A friend (who is a bit sad) has spent ages on spreadsheets, calculating the cost of ownership for his (and other people's) cars and it's amazing how close it can be in terms of the overall cost over a given period. Some of the older cars he has owned, although cheap to buy, have cost the most overall. Currently he leases a Skoda Octavia. It isn't exciting by any stretch of the imagination, but the deposit was about £500 and it's just under £150 per month for two years. There will be no surprise repair bills, as it's all covered by the warranty. He will just have to pay for one minor service. It's fixed cost motoring and, for a lot of people, it's a very convenient way to do it and worth the extra expense for peace of mind. Every two years, he simply picks the car that suits him best that's on the best special offer and repeats. I would also say, if you're going PCP, only do it on a car that will have warranty for the length of time you plan to own it. Again, it reduces the risk. I cringe when I see people taking out finance on 5+ year old cars with high miles. If it goes wrong, you could lose a lot of money, very quickly. I remember a friend financing a Focus TDCI Sport (several years ago obviously!). The warranty ran out, then the car did it's fuel pump and injectors. It cost £2500 to put it right. He ended up keeping it for years because it had cost him so much. That wouldn't happen on a new/nearly new car with a warranty.
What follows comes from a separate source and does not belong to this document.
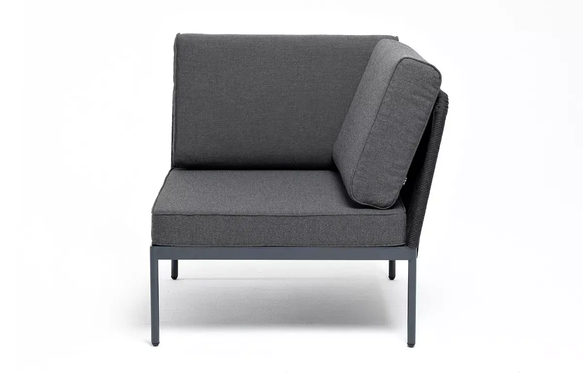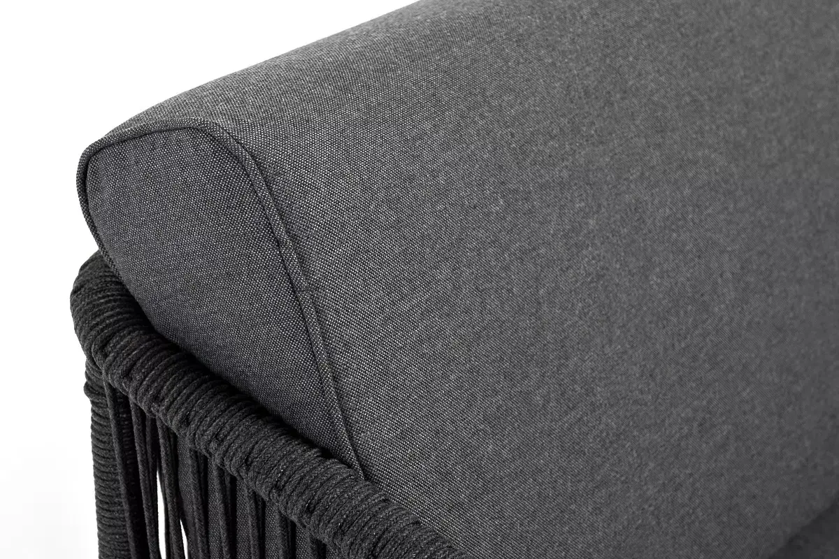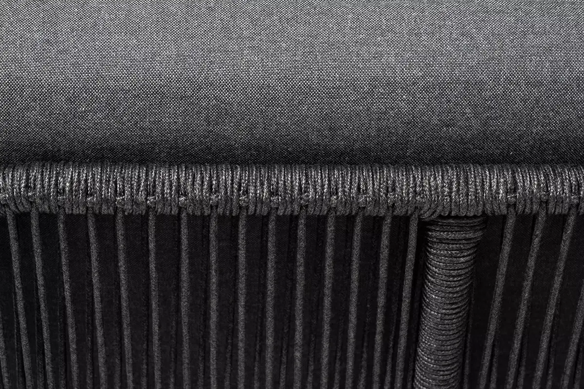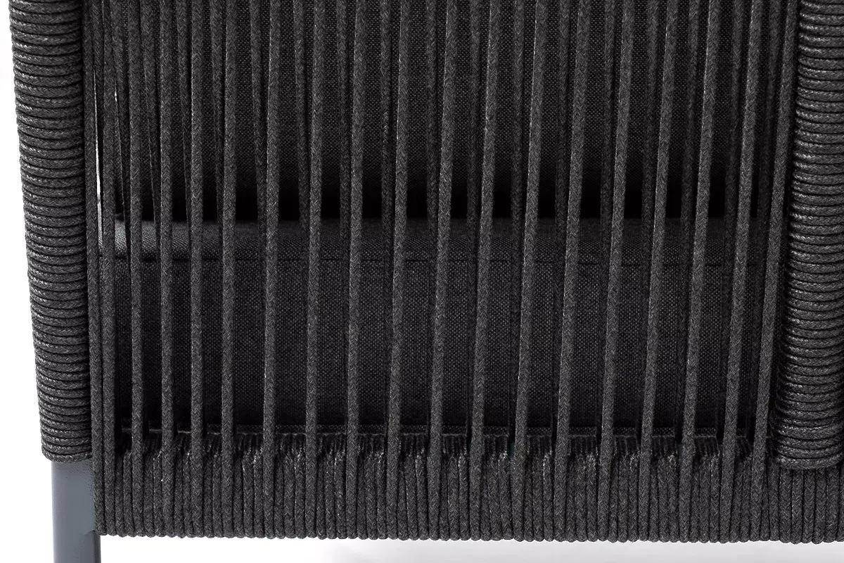 Плетеный модуль имеет алюминиевый каркас, окрашенный порошковой краской в темно-серый (RAL7024) цвет. Боковины каркаса вручную оплетены роупом - эластичными синтетическими лентами, изготовленными из высокопрочных полиэфирных волокон. Цвет оплетки - темно-серый.

It's also worth noting that you often get better interest rates on new cars instead of used ones. I was looking at a Focus ST a couple of years ago. A new one, with some discount, worked out cheaper than buying one that was six months old because the interest on the PCP was c.3%, rather than c.14% on the used one. A personal loan is often a better solution if you're buying used. The interest rate will typically be lower and you will own the car outright. You will have to borrow the whole amount of course though, as the PCP will have a balloon payment that pushes the monthly cost down. You could always take the loan out over a longer period than you intend to keep the car though. Then pay it off when you come to sell.

Ultimately, buying any car comes with a certain amount of risk and cost. What works for one person won't necessarily work for another.